EVENT DESCRIPTION
Learn why Greenhouse Gas Accounting (GHG) accounting is important and how to use the information as part in Environmental, Social and Governance (ESG) strategies.
Greenhouse Gas (GHG) Accounting, or carbon accounting, refers to the process of conducting assessments to quantify the total GHGs produced directly and indirectly from business operations and other organizational activities. This is also called the carbon footprint of a company. Reliable and comprehensive corporate GHG footprint accounting is the first step in the management of climate performance.
In this course, you will discuss in detail why companies should conduct GHG accounting and how the investor community can use the data as part of their ESG and climate strategies.
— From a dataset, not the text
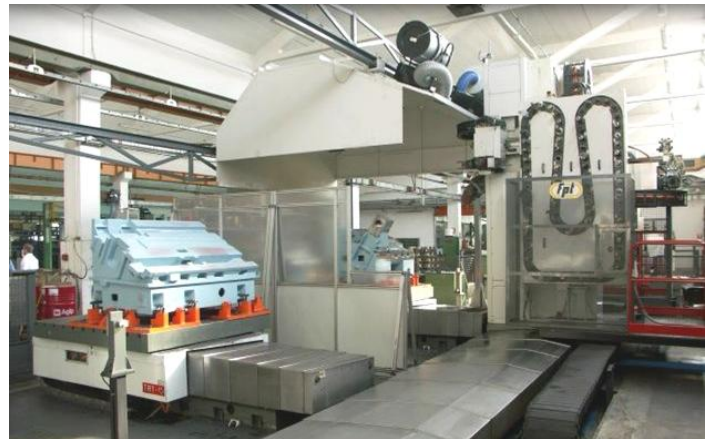
FPT universal does 5-sided machining of a machine base

We don't just assemble the machines, we make them! ...from pouring the castings, machining the castings, making our own turrets, to painting the machines.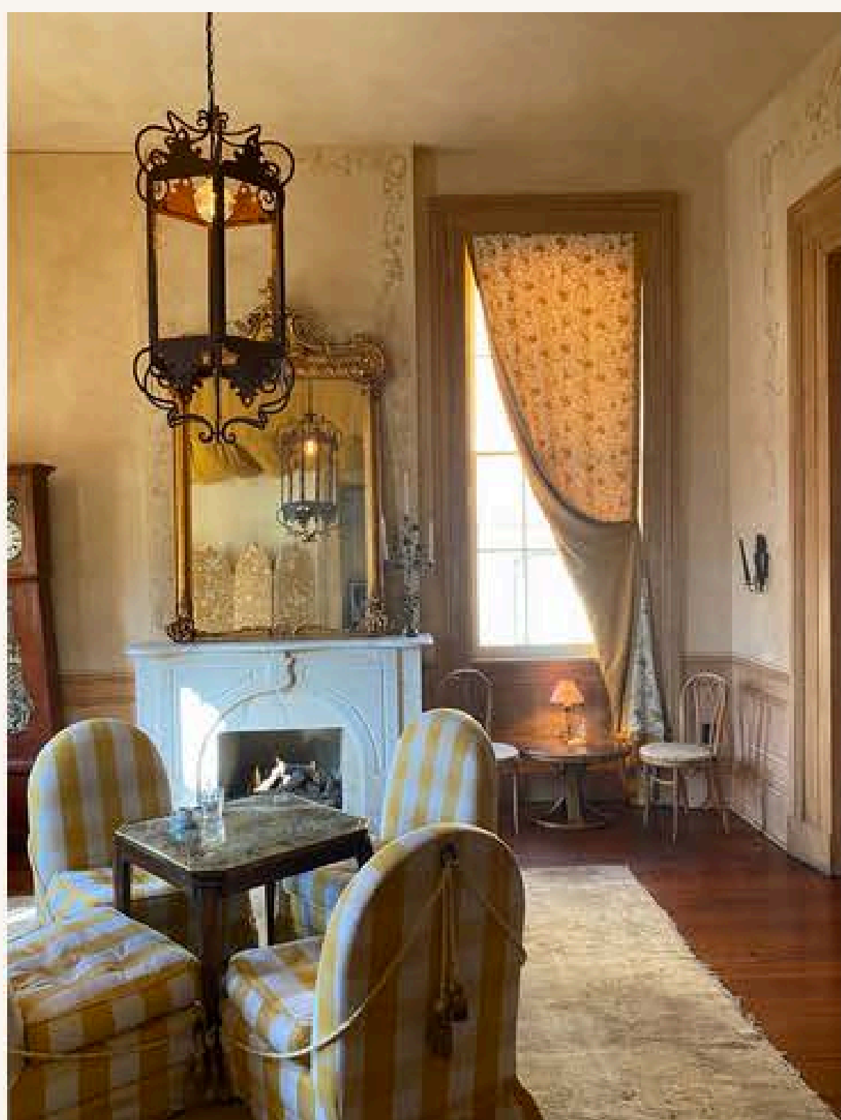
Hotel Peter & Paul

You will be able to define scope 1, 2, and 3 emissions, and explore frameworks and processes to support companies in preparing and analyzing a GHG inventory.
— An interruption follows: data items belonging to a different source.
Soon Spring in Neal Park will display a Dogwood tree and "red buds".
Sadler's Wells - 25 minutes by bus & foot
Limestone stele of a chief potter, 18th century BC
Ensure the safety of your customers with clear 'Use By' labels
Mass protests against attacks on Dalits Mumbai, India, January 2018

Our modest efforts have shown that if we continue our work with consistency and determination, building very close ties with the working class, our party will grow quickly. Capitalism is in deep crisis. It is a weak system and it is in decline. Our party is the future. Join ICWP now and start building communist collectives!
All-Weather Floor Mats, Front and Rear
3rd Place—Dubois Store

GHG accounting information is an important metric to evaluate climate change-related risks and understand a company’s approach to mitigating its GHG emissions.
KEY TAKEAWAYS:
By the end of this course, participants will be able to:
- Compare the different scopes and activities associated with GHG emissions.
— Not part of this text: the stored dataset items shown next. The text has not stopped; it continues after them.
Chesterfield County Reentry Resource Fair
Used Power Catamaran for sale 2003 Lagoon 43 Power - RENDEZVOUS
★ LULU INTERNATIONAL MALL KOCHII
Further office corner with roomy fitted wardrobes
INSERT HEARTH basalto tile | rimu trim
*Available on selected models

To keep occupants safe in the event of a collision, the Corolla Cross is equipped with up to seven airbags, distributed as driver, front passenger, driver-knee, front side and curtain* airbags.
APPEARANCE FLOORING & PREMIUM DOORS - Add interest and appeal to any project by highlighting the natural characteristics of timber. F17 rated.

- Explain how companies measure and report GHG emissions
- Determine different ways GHG data can provide insight on an organization’s climate change response by comparing GHG emissions data of three companies in an industry
- Identify emerging regulatory trends in GHG disclosures
- Prepare and calculate a GHG inventory at the corporate level.
WHO WILL BENEFIT:
Investment professionals, management consultants, and financial analysts of all walks, as GHG accounting and disclosure is an increasingly important consideration for all companies, particularly public issuers.